У меня дома, в нижнем ящике шкафа, давно валяется странный ключ, который не подходит ни к одной двери. Я не помню, откуда он взялся и для чего он там, однако с некоторых пор ключ всё чаще стал напоминать о себе. Он заставлял меня думать о нём и о той двери, за которой уже не будет ни горя, ни отчаяния, ни разочарований, ни нелепых надежд. За этой дверью не бывает потерь и не случается недоразумений, там всякому уготовано безусловное равенство, всеторжествующее и абсолютное, такое, что для всех вошедших уже не будет иметь никакого значения ни возраст, ни талант, ни происхождение, даже собственное имя становится более не нужным. Изготовить такой ключ, мог, несомненно, только в высшей степени искусный Мастер. Не надо быть посвящённым во все таинства Его ремесла, чтобы понять, что Он вложил в него всю свою душу, которая стала на некоторое время моею собственной. Но только это не единственное, что связывает меня с Ним. Всё своё время я занят изготовлением подобных ключей, разве что их владельцами становятся не люди, а события и сущности, имеющие иную плоть. И моей работе тоже назначен исчислимый срок, по истечению которого она уже не будет иметь никакого смысла. Как не имеет смысла всё временное и переходящее.

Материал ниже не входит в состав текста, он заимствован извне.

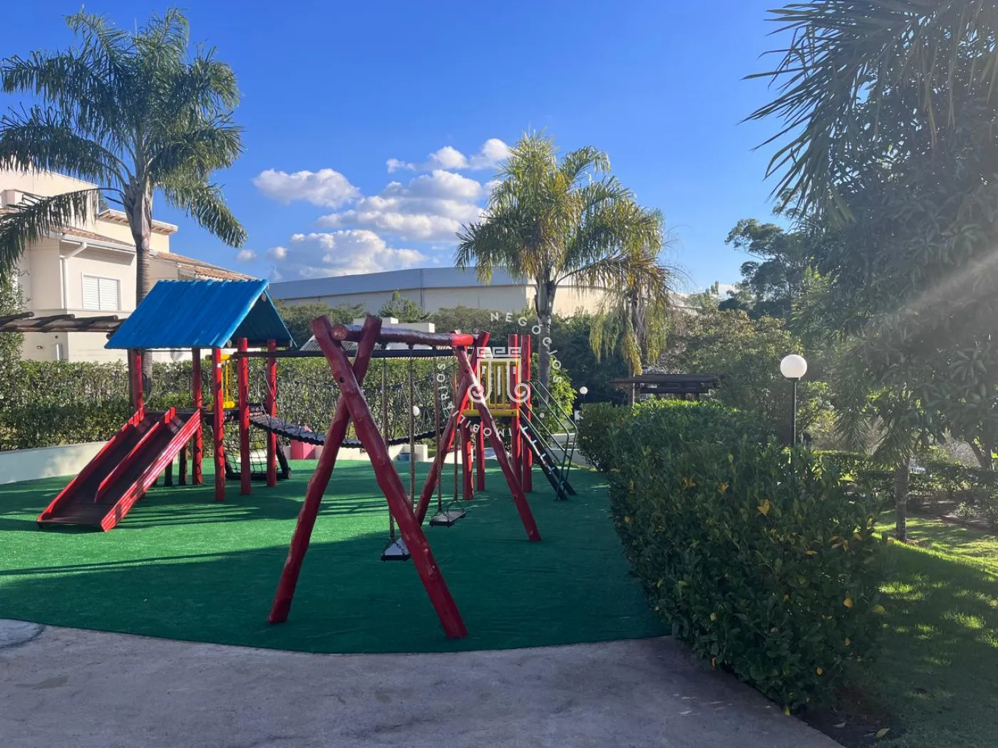 O condomínio conta com playground, bosque e quadra
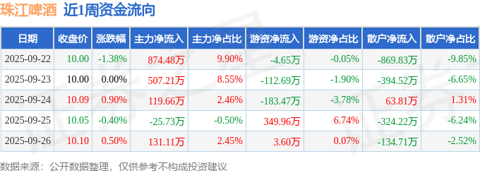 资金流向数据方面,本周珠江啤酒主力资金合计净流入1606.72万元,游资资金合计净流入52.75万元,散户资金合计净流出1659.47万元。本周资金流向一览见下表:

Любуясь прихотливыми формами и совершенством моего ключа, мне становится жалко вдохновенной работы Мастера. И осознание этого – разводит меня с Ним. Мне трудно понять, какая такая надобность заставляет Его разменивать свою вечность на мгновенность собственных созданий, разве что невозможность разглядеть то самое слово, которое Он положил в начало всего. Мы же, обращённые к Нему и непричастные к любым метаморфозам времени из-за краткости своего бытия, способны прочитать это слово и, возможно, даже заметить в нём ошибку. Это, пожалуй, будет единственным, чем мы сможем преодолеть свою очевидную недолговечность и разрешить извечную смысловую неопределённость своего существования.

 

Счастье

Оно было тёмным и густым, словно гречишный мёд. Счастья было так много, что оно простиралось вплоть до едва различимого горизонта, слегка прогнувшегося от внезапной тяжести свалившегося счастья. Все поры земли были забиты его липкой массой, дающей едкие испарения, которыми было почти невозможно дышать. Счастье проступало крупными маслянистыми каплями на высохших древесных стволах, украшало коричневой охрой дома и стены и вспучивалось ржавой смолистой коркой на помертвелой воде.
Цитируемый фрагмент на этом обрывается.